Wouldn’t it be wonderful if our Christian mission, our love and service in and through and for the love of Christ Jesus, converted the world to love and mercy in a manner so spunky and contagious? Sunday’s Gospel – “you are the light, you are the salt,” calls us into a remarkable contagion, sends us as messengers of a Gospel of salvation that is to be spread in words and works, naming grace for all, announcing God’s deep desire for enfolding and unfolding humanity in dignity and love and a Future of Peace beyond imagining.
Come Lord Jesus…
Christ’s conquering, in this case, is not a matter of felling unbelievers and purifying by fire as it spreads to the ends of the earth, though to our deep shame there were eras of Christianity like the crusades and the Inquisition for which we will always repent. While we yearn deeply for the realization of the Promised Reign and plead impatiently, “Come Lord Jesus” we know in faith that God has decided to approach the task through the mystery of Incarnation, a most inefficient process that by including us in the mix seems to bring divine contagion to a glacial crawl. So most of the time as we perceive it, our mission of discipleship hardly seems to be “going viral.”
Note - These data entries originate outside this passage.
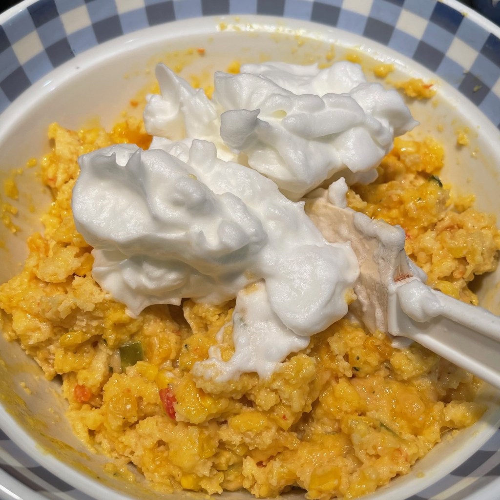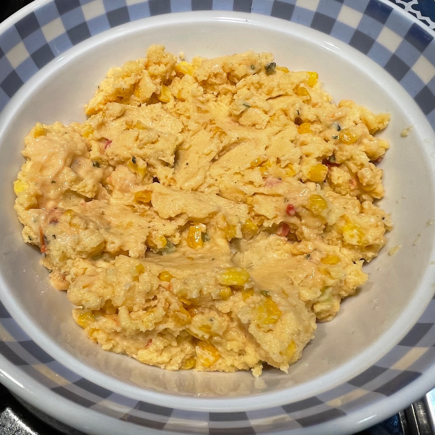 As is my usual practice, I followed the recipe the first time I made it. It was good, but I doubted I’d ever make it again (even though it was pretty simple). Then I spied the leftover CHILI CON QUESO from a previous blogpost. Hmmm! I wondered if it could be incorporated into the spoonbread to kick it up a notch.
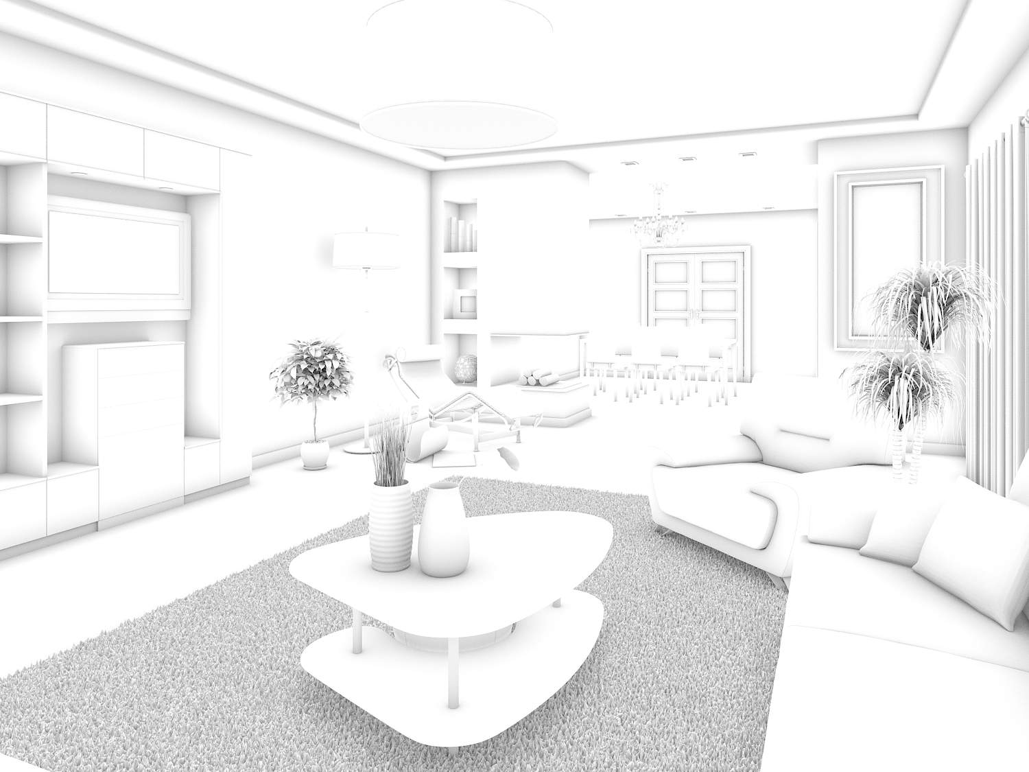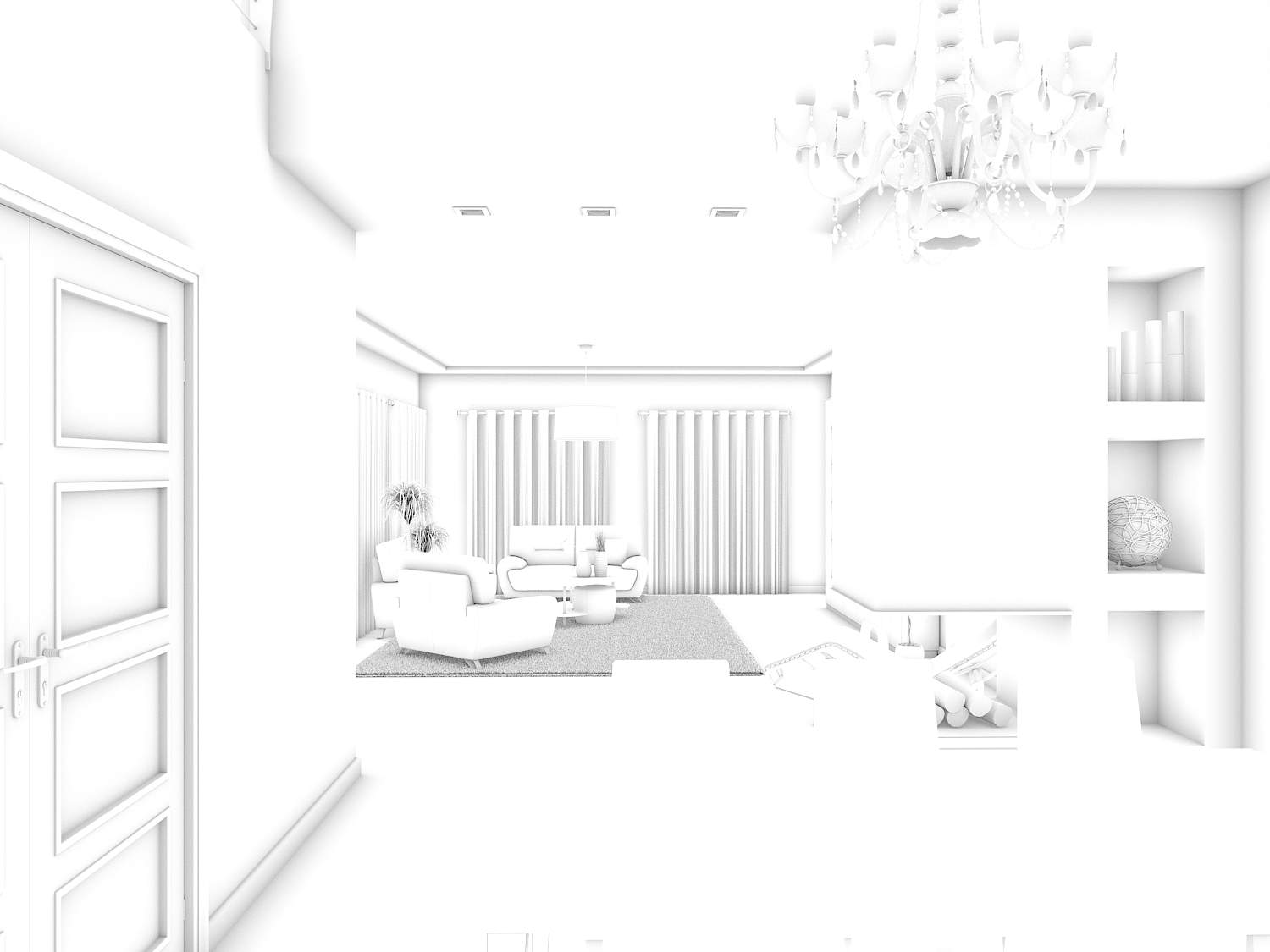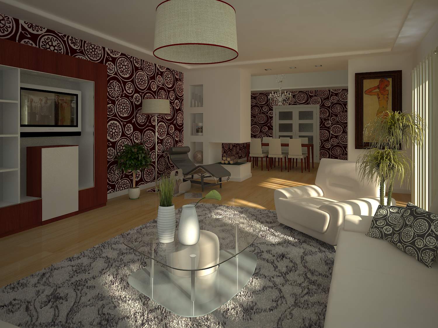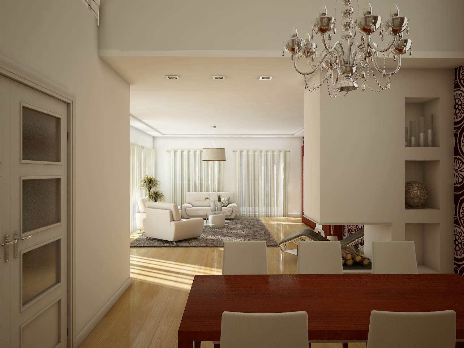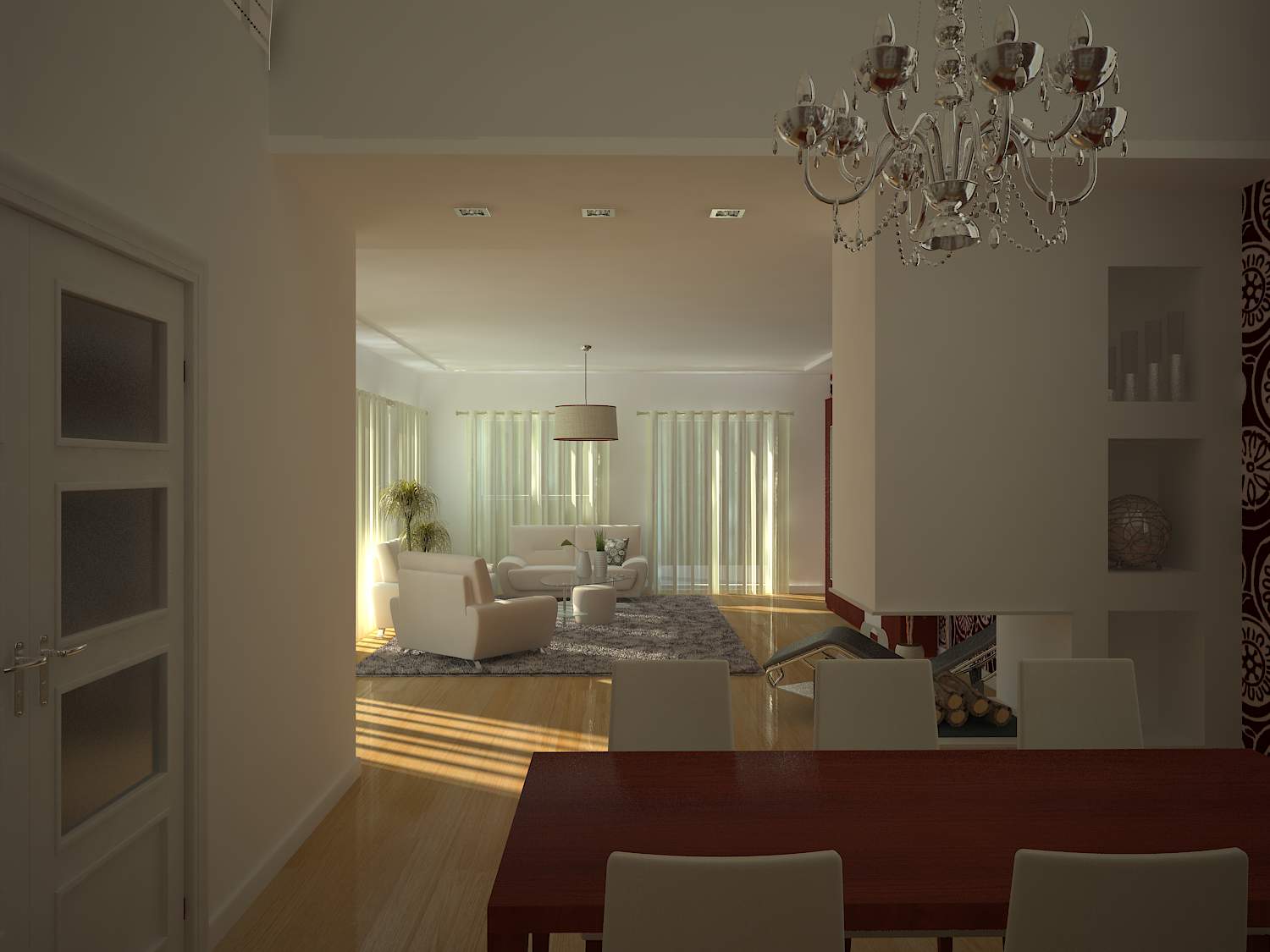 Dando respuesta a tu pregunta el salón está hecho con 3ds Max 2009, Vray y pothoshop, la iluminación es un v-Vraysun y las cámaras son v-rayphysicalcam.
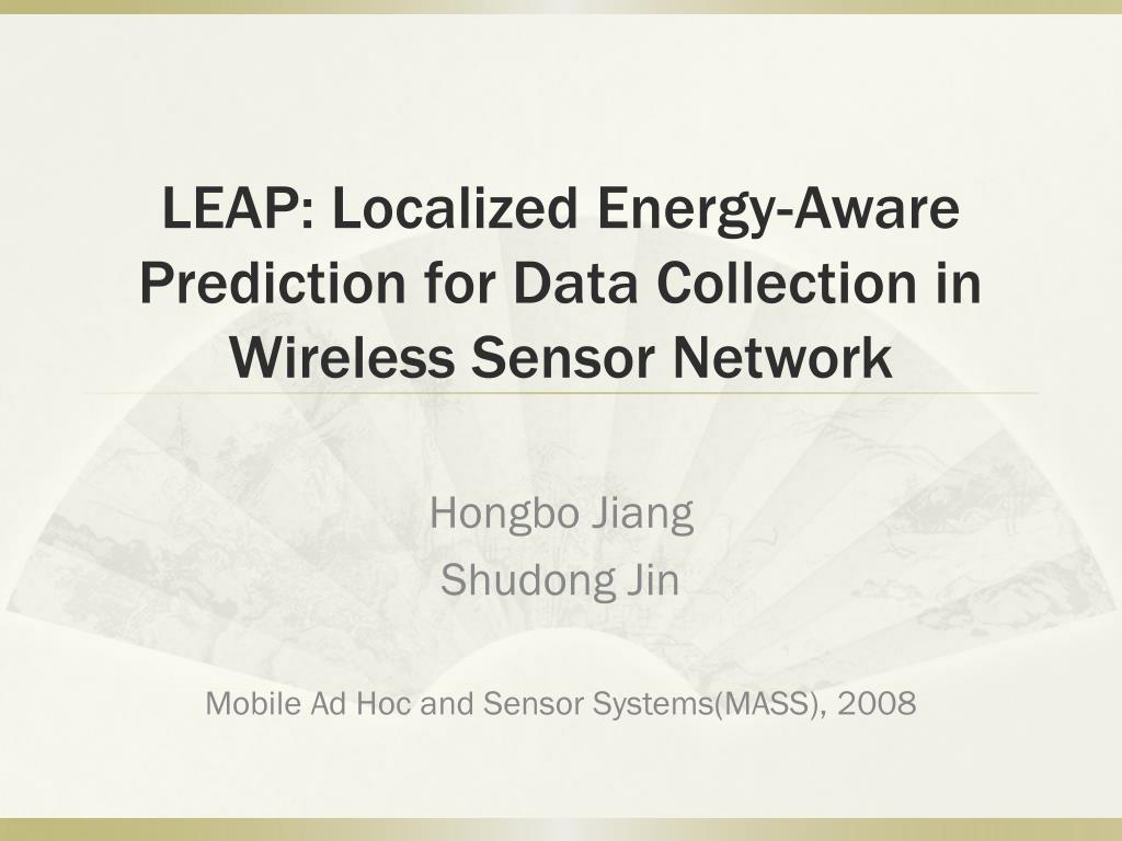 LEAP: Localized Energy-Aware Prediction for Data Collection in Wireless Sensor Network. Hongbo Jiang Shudong Jin Mobile Ad Hoc and Sensor Systems(MASS), 2008. Outline. Introduction Model selection Prediction model Energy-efficient algorithm Algorithm design Experiment results Conclusion.
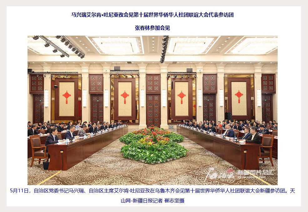 第十届世界华侨华人社团联谊大会代表团今年5月访问中国,受到中国国家主席习近平接见,并与新疆维吾尔自治区党委书记马兴瑞丶自治区主席艾尔肯·吐尼亚孜等人会晤。代表团成员之一是来自加拿大多伦多的商人翁国宁。翁国宁在会议中代表发言,表示美好新疆与国际上的造谣抹黑完全不同,会积极讲好中国新疆故事。
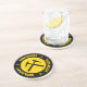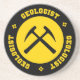 Geologist - Untersetzer aus schwarzem und gelbem Sandstein mit kollegialem Schriftzeichen und gekreuzter Gesteinshammergrafik.

But the staying power of Christianity is found in all the small and unremarkable words and actions, conversations and prayers which we the mostly-faithful share with others in our haphazard, imperfect day to day doings, all of them united and multiplied to contagion in the power of the immense Love who has brought the whole enterprise into being. While the effect of our Christian witness seems to pale before the enormity of evils that threaten humanity, the relentless passion of God is infinitely stronger and more enduring than any quick punch of a nasty virus, or the massive darkness of death-dealing human hatred. And despite the seeming paltriness of our believing and our witness, God keeps renewing us and sending us as salt and light. And we will never know exactly the power of our love and hope and joy as antidotes to the ravages of hate and despair. So with the writer of Ephesians, (3:20) we bow thankfully before the One “whose power at work in us can do infinitely more that we can ask or imagine.”